MySQL死锁日志中的HOLDS THE LOCKS里的waitting

详细说明如下, 重点在最后一段,HOLD THE LOCKS部分的waitting并非是指已经取得的锁,而是说当前还在尝试取得的锁。

[7 Sep 9:57] Jakub Lopuszanski

Hi, thank you for detailed analysis.

There’s clearly many ways in which the output could be made more readable to humans.

However, if you put aside the very unfriendly format, the information provided is actually useful and in some sense (that is if you stretch the meaning of “HOLD”) true.

To describe a deadlock cycle involving N transactions, we need to specify at least 2*N lock objects.
Perhaps it’s not immediately obvious, that a deadlock cycle involving N transactions actually (often) involves twice as many locks:
– what i-th transaction is trying to acquire
– what lock of (i+1 mod N)-th transaciton is preventing the above acquisition
This is perhaps a bit confusing because the word “lock” itself in InnoDB means “a request for a lock” (so, there are as many of them as there are transactions competing for a given resource) rather than a single thing per resource for which transactions compete (which might be a common way to define this word in say, C++).
So, you can find some pictures in the web where deadlock among two transactions is shown as involving two locks, but in InnoDB’s parlance, it involves four locks (=four lock requests). In the picture there are two items (resources), two people (transactions), but four hands (=lock requests).

Yes, it may happen that some of these 2*N locks are in fact the same – this is the case in your example – the same “WAITING X,REC_NOT_GAP” lock of 291 is at the same time the one for which transaction 291 is waiting, and the reason transaction 290 can not acquire it’s lock.
As you may already know, this is a part of strategy to avoid starvation of waiters – the transaction 290, when trying to acquire a lock, must check for conflicts also with already existing waiters in the queue, such as transaction 291.
So, a good picture for this situation might be a hand of 290 holding a thing, wrapped by a hand of 291 which also tries to grab this thing, and another hand of 290 wrapping both of them trying to get it. Here the middle hand plays two roles: of an unsatisfied, waiting request, and of a reason someone else has to wait.
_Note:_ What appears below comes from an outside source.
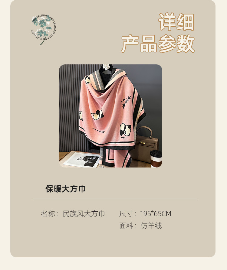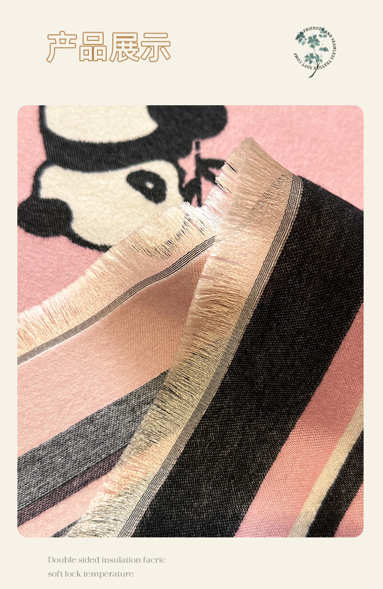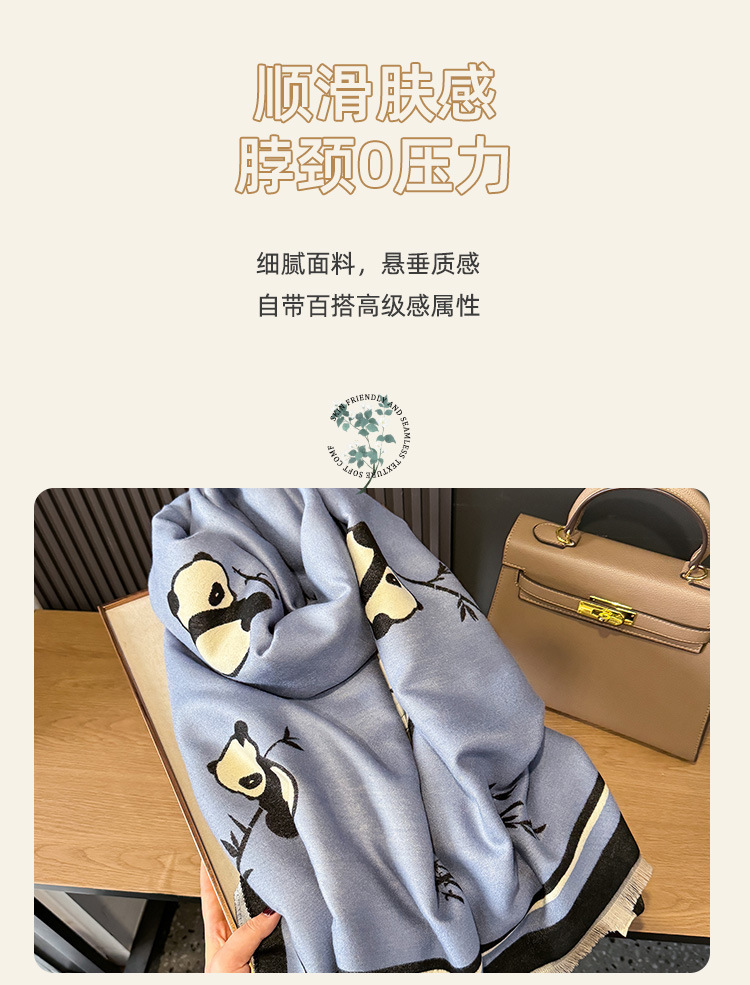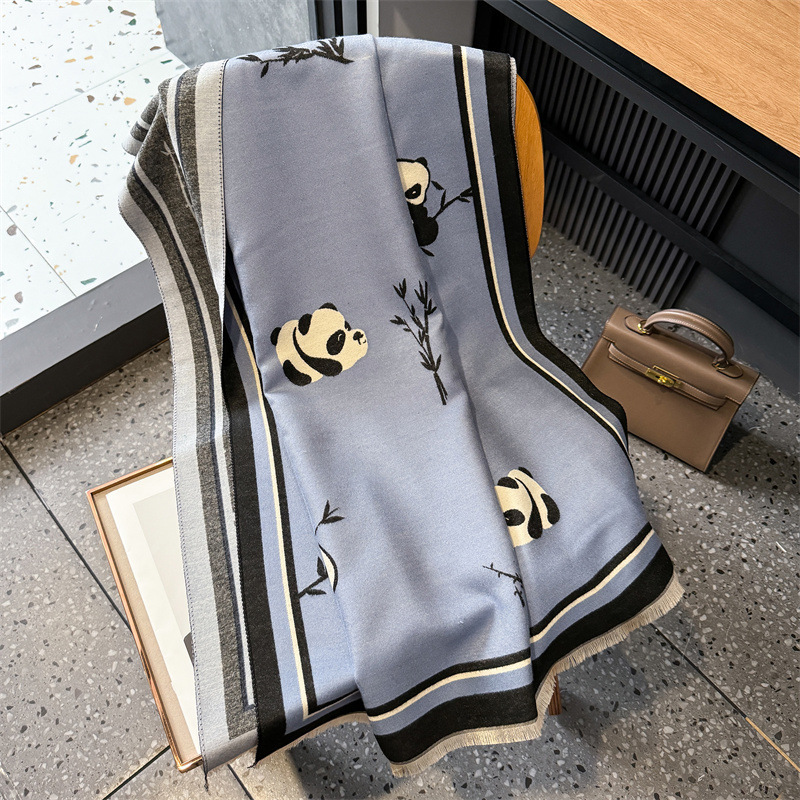 2024 오리지널 팬더 만화 패턴 간단한 모든 경기 따뜻한 핑크 블루 스카프 여성의 겨울 외부 긴 스카프

Yes, the title of the section uses verb “HOLDs”, which might be interpreted as “was granted the lock”, but this is later “clarified” at the end of the next output line:

*** (1) HOLDS THE LOCK(S):
  RECORD LOCKS space id 1940 page no 7 n bits 248 index PRIMARY of table `world`.`city` trx id 541847 lock_mode X locks rec but not gap waiting

Note the word “waiting” at the end of the list of “attributes” of this lock object – this “clarifies” that this lock is not yet granted, but waiting, yet still it plays the role of the request of transaction 291 which is preventing the request of transaction 290 from fulfilment.

Removing this section, as you suggest, is IMHO not a good idea, because then it wouldn’t be clear what is the reason that transaction 290 has to wait. (Also, it would break backward compatibility with tools parsing it).

So, yes, these could be made more human-readable, for example by using word “IS ASSOCIATED WITH THE LOCK(S):” or something like this, but IMHO, “HOLDS” is not such a bad word to describe the situation that trx 291 is so firmly attached to this lock, and will not let go, nor allow 290 to bypass it 🙂

Anyway, I believe we can’t fix it for two reasons:
1. Backward compatibility. There are tools which might search for headers like this one to obtain information.
2. We rather figure out a way to put the deadlock information into performance_schema, than invest in improving these texts.